Unable to find a cure, Tony had shifted gears with the pragmatism of a man facing his own mortality. If he was going to die, and he was increasingly certain he was, he wanted to leave something behind. Something that wasn't weapons or wreckage. Something that might actually make the world better.
The Stark Expo was his swan song, though only Tony knew it.
Arthur had expected all of this - the poisoning, the desperate search, the pivot to legacy. What he hadn't expected was Tony's silence.
Not once in seven months had Tony mentioned his condition to Arthur. Not a hint. Not a whisper. Not even a drunken confession.
Whether it was pride, or a desire not to burden his friend, or simply the belief that even Arthur Hayes couldn't solve a problem of physics and biology... Tony kept his mouth shut.
Arthur had solutions, of course. Multiple solutions, each more elegant than the last. He could synthesize the element Tony needed in a matter of hours. He could replace the arc reactor entirely with Kree technology. He could—
But Tony never asked.
And Arthur, respecting his friend's autonomy, never intervened.

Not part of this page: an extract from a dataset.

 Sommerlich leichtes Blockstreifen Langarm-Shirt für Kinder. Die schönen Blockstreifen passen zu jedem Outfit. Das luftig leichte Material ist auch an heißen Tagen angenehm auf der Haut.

There's still time, Arthur reminded himself. If Tony couldn't find the answer on his own, Fury would eventually point him toward Howard's research. And if even that failed...
Well. Arthur would step in then. He wasn't about to let his friend die over something as simple as pride.

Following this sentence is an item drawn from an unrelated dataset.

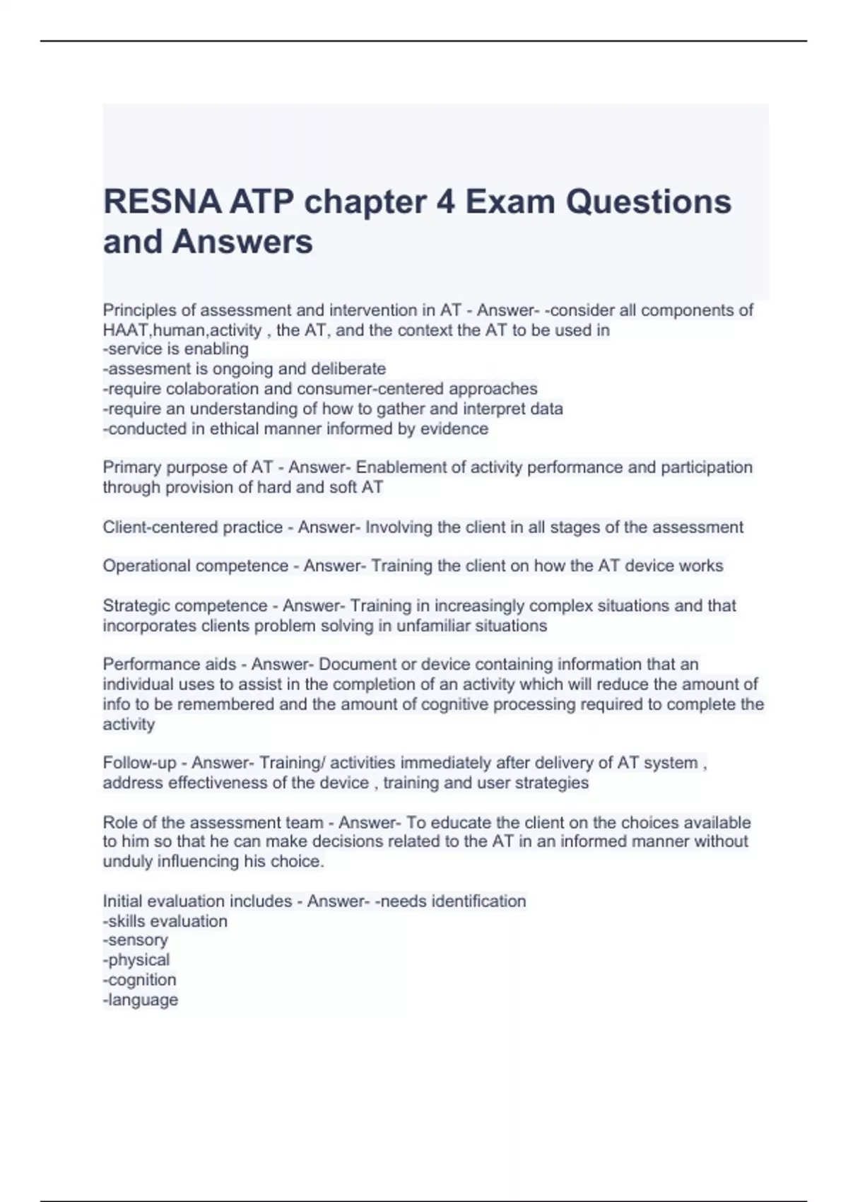 RESNA ATP chapter 4 Exam Questions and Answers- Graded A

For now, whatever was happening around Tony, even Ivan Vanko possibly seeking revenge, was not Arthur's immediate concern. Tony could handle it. S.H.I.E.L.D. would provide backup. It was too small an incident to require Arthur's close attention.
Arthur's gaze was fixed on something further away.
According to canon, while Tony was playing with robots and pretending he wasn't dying... a much more significant event was about to occur in the New Mexico desert.
Thor Odinson was about to fall.
Arthur's interest wasn't in the family drama of the Norse gods, nor was it in Thor's lesson in humility.
It was Asgard itself.
Asgard had been frustratingly unreachable despite Arthur's best efforts. He and Carol had traveled extensively across the cosmos during their adventures together, visiting worlds that most humans couldn't imagine, encountering civilizations that made Earth look like a primitive backwater.
But Asgard remained beyond their grasp.
The Bifrost was guarded. Odin's enchantments were absolute. The All-Father was a being of immense cosmic power, perhaps one of the few entities in the universe Arthur was genuinely wary of challenging directly.
Could Arthur and Carol together match him in direct confrontation? Perhaps. Probably, even, if Arthur was being honest with himself about how far his abilities had grown.
But that wasn't the point.
Arthur didn't want Asgard as an enemy. He wanted their knowledge, their deep understanding of magic.
Until now, that door had been locked.
And Thor's exile would be the key to unlock that door.
"You're doing that face again," Eileen noted, pulling Arthur from his thoughts.
Arthur blinked, refocusing on the present. "What face?"
"The 'I'm plotting something' face."
Arthur laughed softly as he crossed the kitchen and wrapped his arms around her. "I have no idea what you're talking about, my love. I am the picture of innocence. Now come on, we need to get ready. We have an expo to attend."